# Bad instruction vs No instruction



## MeDemitto (Sep 30, 2010)

Recently I moved to a rather isolated town in southeastern Alaska. I've been wanting to take Karate for years but due to my location in remote rural areas before this I've never had the opportunity. Anyway my question requires some predication. Now that I am in a place where there are some martial arts studios I would love to begin classes, however there are two possible Karate places in town a Shotokan and a Shito-ryu; and to be frank neither of them seem to be quite what I'm looking for.
Stylistically I've always had a strong attraction to Shotokan, though the Shito-ryu is fairly appealing as well. So now to my problem... Both schools seem pretty second-rate. Each gives the impression of a "belt-factory" type ethos and cater primarily to children. I am in my mid-twenties and as a prospective student seem slightly more serious about it than the average student at either place.
Part of the appeal of the martial arts and particularly Karate to me is the continuity with rather robust history and tradition. Neither place seems to preserve this very well, and neither seems to establish a very strong connection with any sort of traditional grounding, lineage, what-have-you.
This being said, my interest is more piqued than ever, and I would love the opportunity to study Karate.
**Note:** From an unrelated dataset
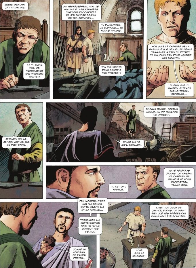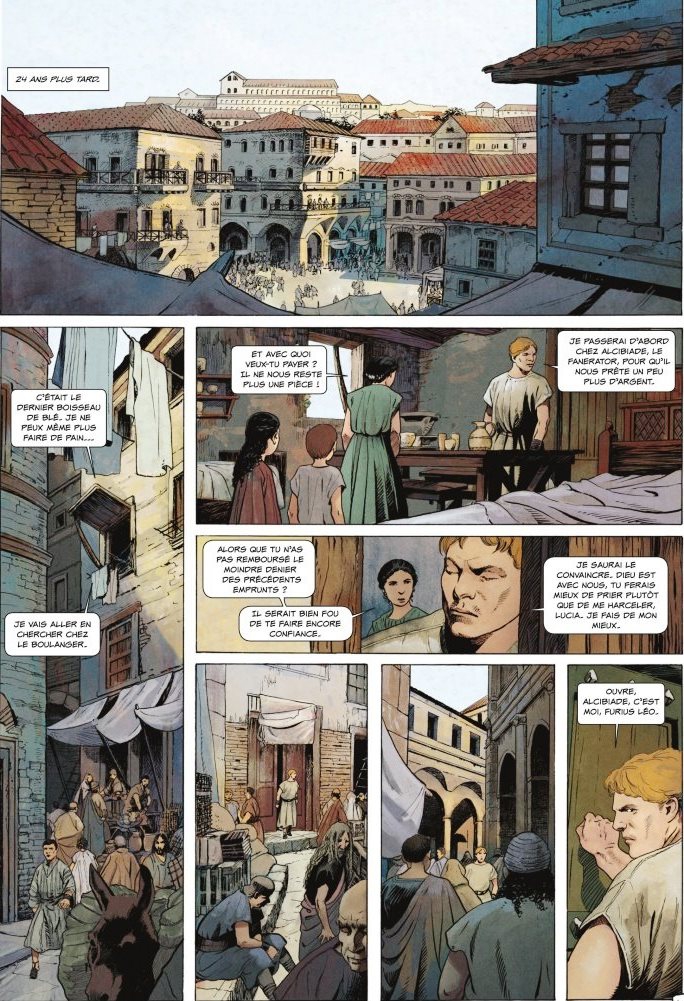 Du côté du travail des scénaristes, mon point de vue n’a pas varié : le mélange de BD historique avec un récit fantastique passe parfois difficilement. Même si l’époque était très réceptive aux croyances et superstitions, parfois complètement extravagantes, l’association de ces deux genres ne me semble pas vraiment pertinente. C’est sans doute mon intérêt pour la culture antique traditionnelle qui conditionne ma lecture. Par ailleurs, l’éclairage historique du professeur Bertrand Lançon en fin de tome vient contrebalancer ma perception. Une fois de plus, son dossier apporte nuances et précisions sur le contexte, ce qui invite à une relecture plus attentive et plus sensible à la démarche des auteurs. La série est donc intéressante et ouvre des possibilités de questionnement sur l’état de nos connaissances historiques des grandes étapes de l’histoire romaine. Cette stimulation à la réflexion critique agrémente un récit dessiné de manière académique et dont la lecture reste un bon moment de plaisir.

I'm wondering what your input is concerning my predicament, should I chose the best of the two? or forego the study of martial arts all together?
I appreciate your input, I thoroughly enjoy perusing this forum, and admire the knowledge and expertise of so many.


----------



## Grenadier (Sep 30, 2010)

Since you're in the Juneau area, have you looked at the ISKF affiliates there?  There's a Shotokan school under Diana Stevens who should have direct ties to Okazaki Sensei.


----------



## harlan (Sep 30, 2010)

Your evaluation sounds like it's based on the class/mass curriculum. Have you crossed hands yet privately with the sensei?  To my way of thinking, lineage is only a small piece of the whole package. Can you see if the guy has the goods in the way of technique and try private lessons for awhile?



MeDemitto said:


> Recently I moved to a rather isolated town in southeastern Alaska. I've been wanting to take Karate for years but due to my location in remote rural areas before this I've never had the opportunity. Anyway my question requires some predication. Now that I am in a place where there are some martial arts studios I would love to begin classes, however there are two possible Karate places in town a Shotokan and a Shito-ryu; and to be frank neither of them seem to be quite what I'm looking for.
> Stylistically I've always had a strong attraction to Shotokan, though the Shito-ryu is fairly appealing as well. So now to my problem... Both schools seem pretty second-rate. Each gives the impression of a "belt-factory" type ethos and cater primarily to children. I am in my mid-twenties and as a prospective student seem slightly more serious about it than the average student at either place.
> Part of the appeal of the martial arts and particularly Karate to me is the continuity with rather robust history and tradition. Neither place seems to preserve this very well, and neither seems to establish a very strong connection with any sort of traditional grounding, lineage, what-have-you.
> This being said, my interest is more piqued than ever, and I would love the opportunity to study Karate. I'm wondering what your input is concerning my predicament, should I chose the best of the two? or forego the study of martial arts all together?
> I appreciate your input, I thoroughly enjoy perusing this forum, and admire the knowledge and expertise of so many.


----------



## dancingalone (Sep 30, 2010)

Choose the best instructor you can find regardless of style or martial art.  If that means training something like boxing, so be it.  A poor teacher knowingly or unknowingly will transmit unsound technique to you and it may take long months and years to unlearn it if you ever realize the situation for yourself.

Anecdote:  I had a transfer student at one point who was physically talented but he had trained elsewhere before and had developed many bad habits, such as picking up his feet when moving or dropping his shoulders before he punched.  These flaws made him mediocre among his peer group, even though he was very athletic, and he eventually quit in frustration.  I wish he had stuck around, but he found the corrections he needed to make to be too hard.

But onto your personal situation.  Do you know for a fact that the karate options you have available are mediocre?  Children's classes aren't the best gauge.  Find out if there is an adult only training option or perhaps even private and semi-private lessons.  Approach the teachers and tell them what you are interested in.   A responsible teacher should be happy to tell you if he can match your needs or not, and he should be able to tell you how 'Asian' of a class he runs.


----------



## Manny (Sep 30, 2010)

Children classes are a bad gauge to see if the instruction is pretty good. Try to aproach the sensei(s) in a polite way and talk to them about your feelings, and see if the sensei(s) have a more traditional and powerl adult class or if he/she can give the lesson you want apart or privately.

Manny


----------



## MeDemitto (Sep 30, 2010)

Grenadier said:


> Since you're in the Juneau area, have you looked at the ISKF affiliates there?  There's a Shotokan school under Diana Stevens who should have direct ties to Okazaki Sensei.


Thanks, I found them online; I'll give this a shot... I also found a tang soo do place as well, more options than I realized at first.


----------